Чурюмкиного удивления, восторгов, красочного живописания и тонких проницательных соображений, почему у Миши Косого и Ирен Ких так ловко получается их фокус, хватило почти на всю дорогу до Садового. Когда Чурюмка, не насытившись, пустился рассказывать все виденное им с самого начала уже по третьему разу, Костя не без труда остановил его и переключил на другое – на то, какие новости в Садовом.

– Какие там у нас новости, откуда им быть? Новостей у нас нету, живем так… – сказал Чурюмка скучно, сразу теряя свою словоохотливость. Все интересное помещалось для него за пределами Садового – на станции Поронь, в райцентре, в городе, где и базар многолюдный, и магазины, и трамваи по рельсам бегут, и кино на каждом шагу, и такое чудо, как потрясшие его Миша Косой с Ирен на мотоциклах. В своей же родной деревне он, подобно другим своим односельчанам, не находил ничего интересного, достойного любопытства и разговора, и жизнь там считал сплошною скукою и прозябанием.

– Сад убрали? – спросил Костя, вспомнив про Чурюмкину сторожевую должность.
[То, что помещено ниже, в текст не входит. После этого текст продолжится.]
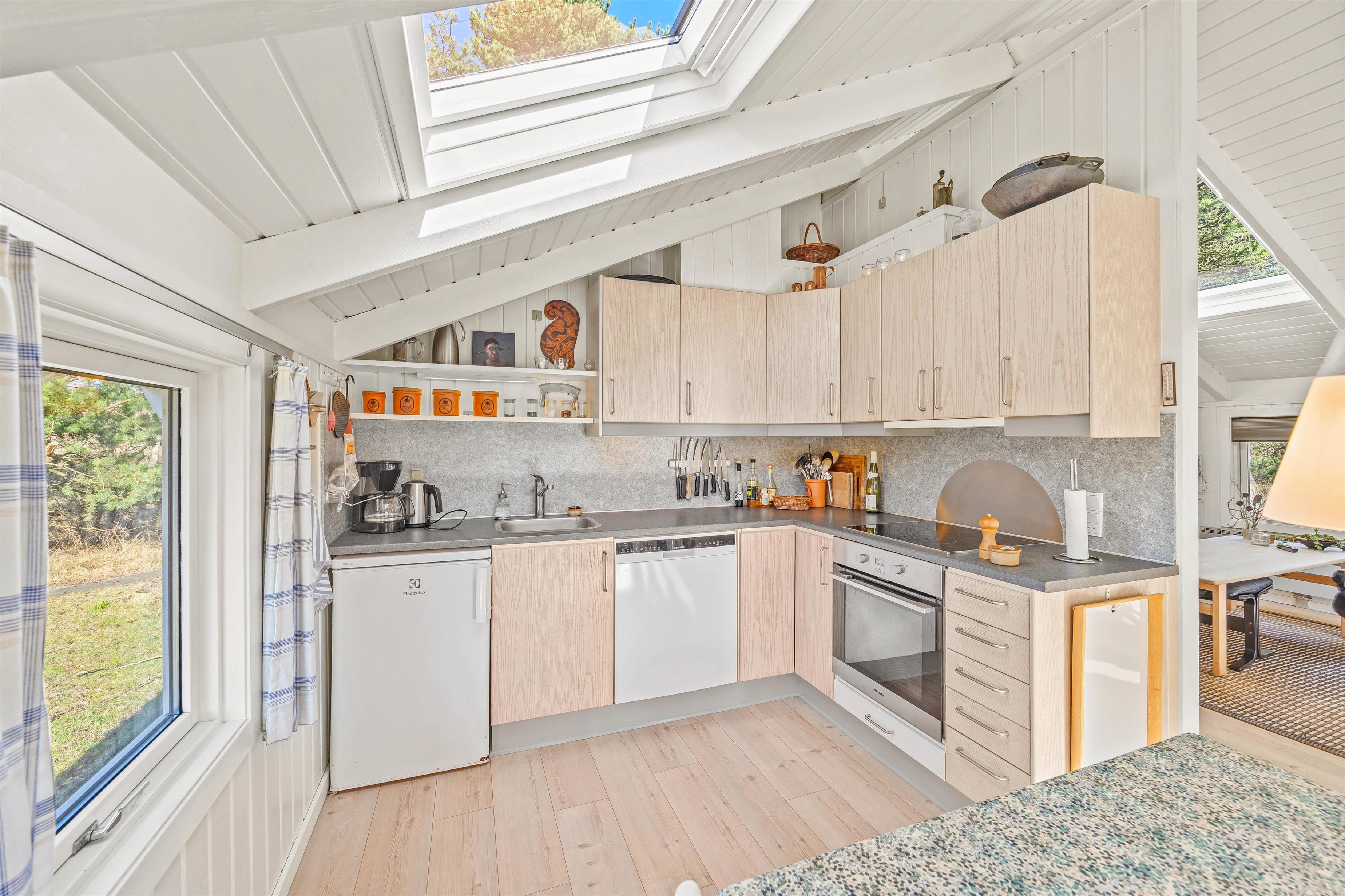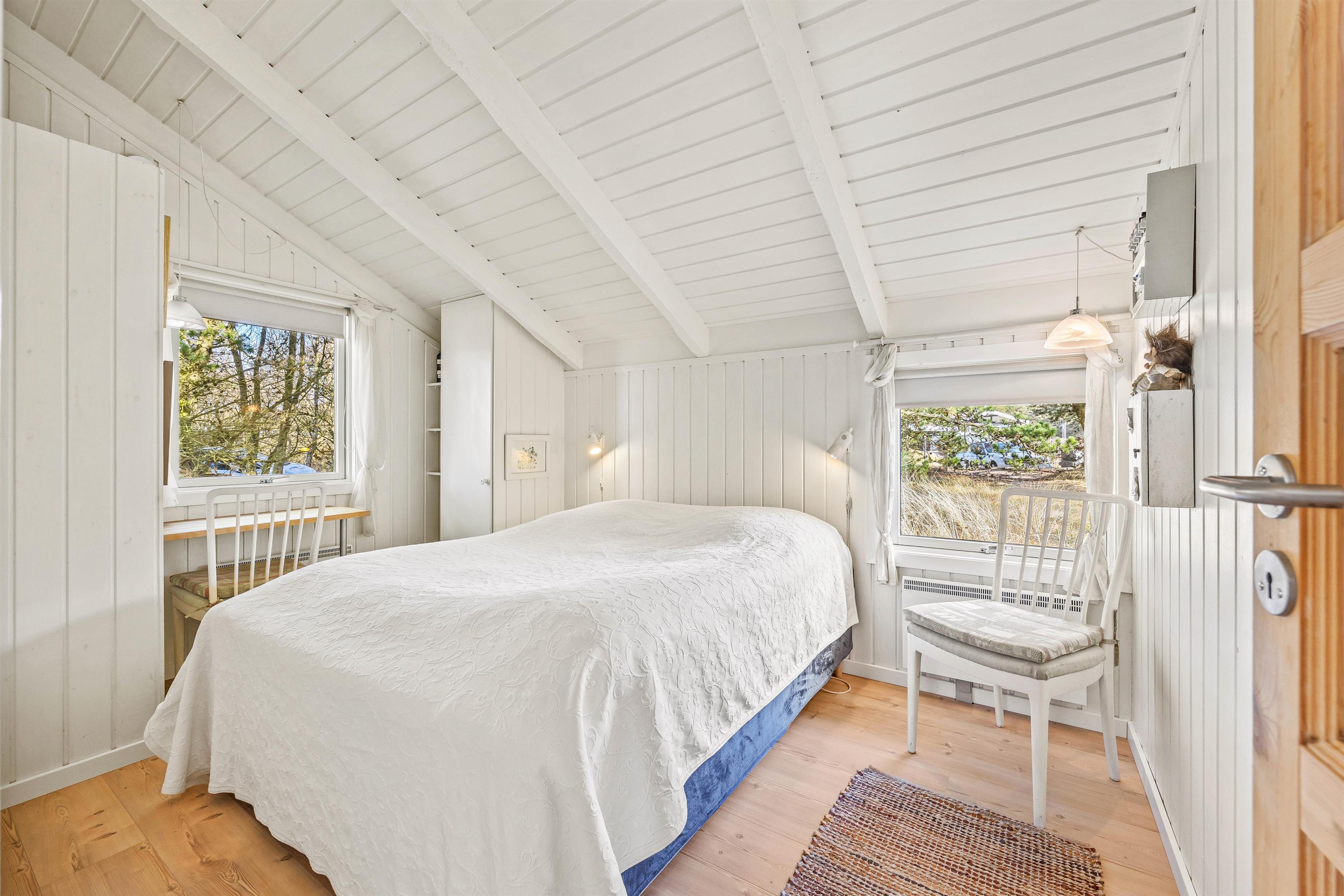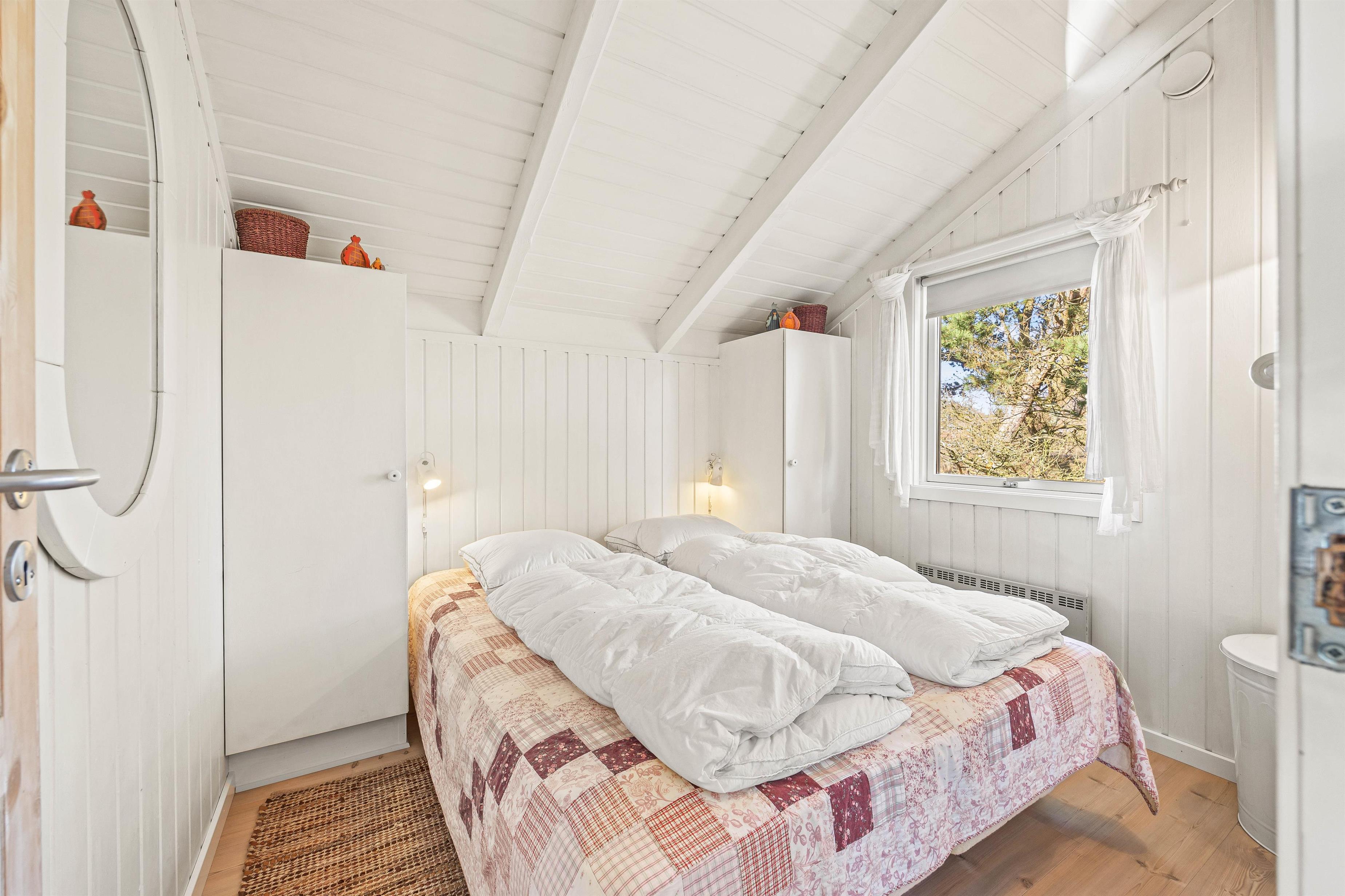 Sommerhusets badeværelse er med gulvvarme, og her er desuden en vaskemaskine til jeres rådighed. De 4 sovepladser fordeler sig på 2 gode soveværelser – begge indrettet med dobbeltseng.

– Да там и убирать‑то почти ничего не остало́сь… Половину, почитай, плодожорка поела, да еще ветром стрясло, так куда знай делось… Чтоб от сада чего иметь – его в порядке держать надо. Огородить. А когда с любого края кто хошь заходи, чего хошь в нем делай – будет разве толк? Я директору сколько разов говорил – собаку бы заиметь, овчарку. «В смете, – говорит, – не предусмотрено, чтоб такой расход прове́сть, так, говорит, охраняй, строгости побольше». А я – что, пес, что ль, чтоб всех воров чуять? Самому, что ль, за штаны кусать? А слов‑то да крику не больно нынче боятся…

Автобус трясло, все стекла в нем дребезжали, звенели.

– Зубы вставлять ездил, – помолчав, доложил Косте Чурюмка, объясняя свое присутствие в городе. Это он тоже проговорил как‑то уныло, не видя и в этом особого интереса: зубы – не Миша Косой на вертикальной стене в деревянной бочке…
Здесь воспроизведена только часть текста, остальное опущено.